What is needed: From the listing below, set down exactly the lines between the one holding "da çeşitli binaları inceledi" and the one holding "ภาพที่ 16 Oasis spa สาขาสุขุมวิท", inclusive. No other line is wanted.

Records for this task:
Content starts

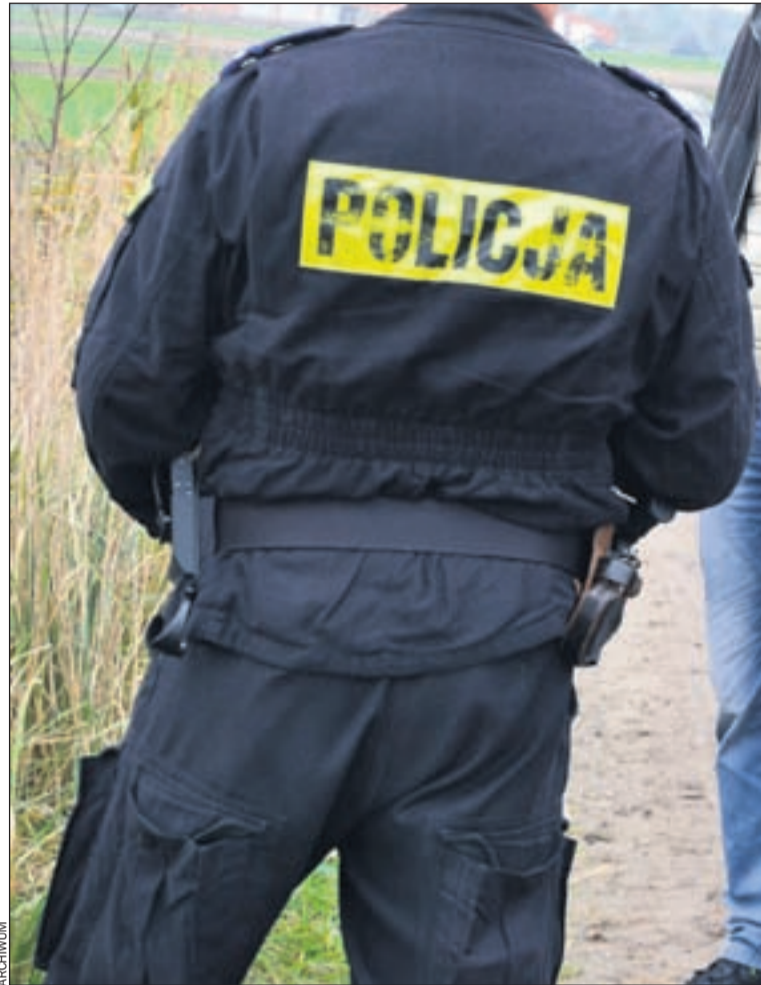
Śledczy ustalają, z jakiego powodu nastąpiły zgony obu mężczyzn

Content ends
Content starts

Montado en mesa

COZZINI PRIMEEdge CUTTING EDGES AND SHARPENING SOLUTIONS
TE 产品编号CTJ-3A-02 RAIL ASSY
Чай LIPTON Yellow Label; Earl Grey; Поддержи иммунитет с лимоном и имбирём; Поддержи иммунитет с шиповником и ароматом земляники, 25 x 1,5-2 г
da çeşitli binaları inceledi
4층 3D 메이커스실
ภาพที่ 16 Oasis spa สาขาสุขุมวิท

Content ends
Content starts

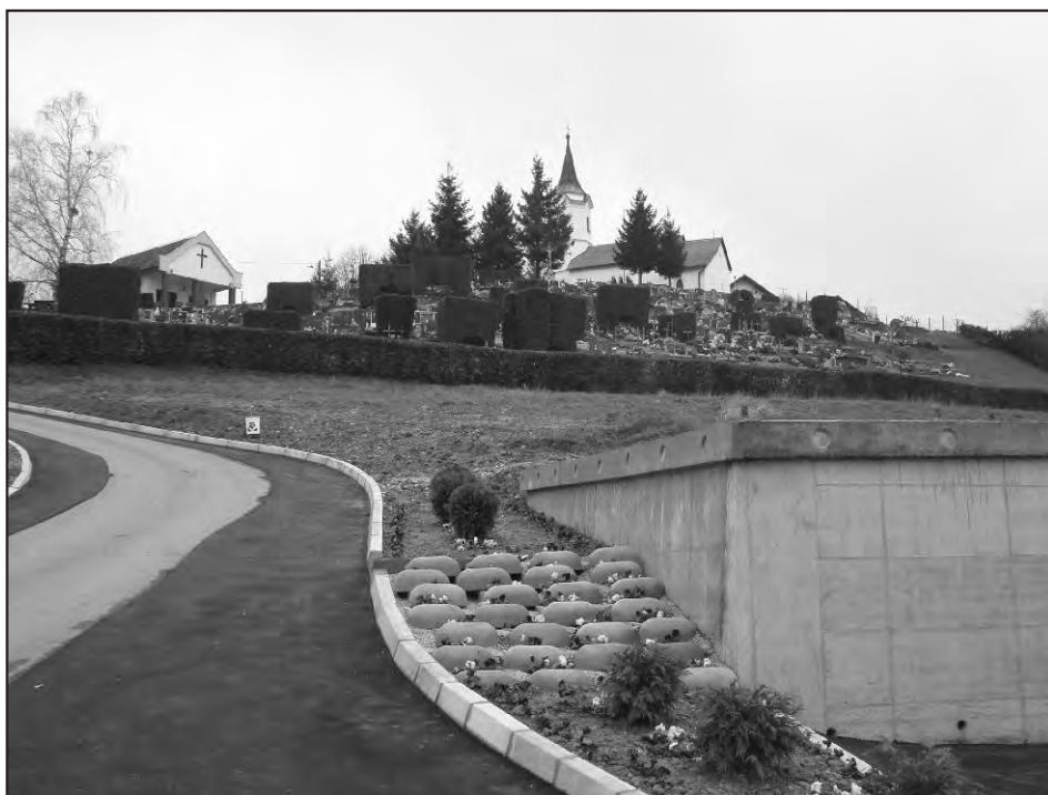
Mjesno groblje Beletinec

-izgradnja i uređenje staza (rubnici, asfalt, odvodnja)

Content ends

Result of the exercise:
da çeşitli binaları inceledi
4층 3D 메이커스실
ภาพที่ 16 Oasis spa สาขาสุขุมวิท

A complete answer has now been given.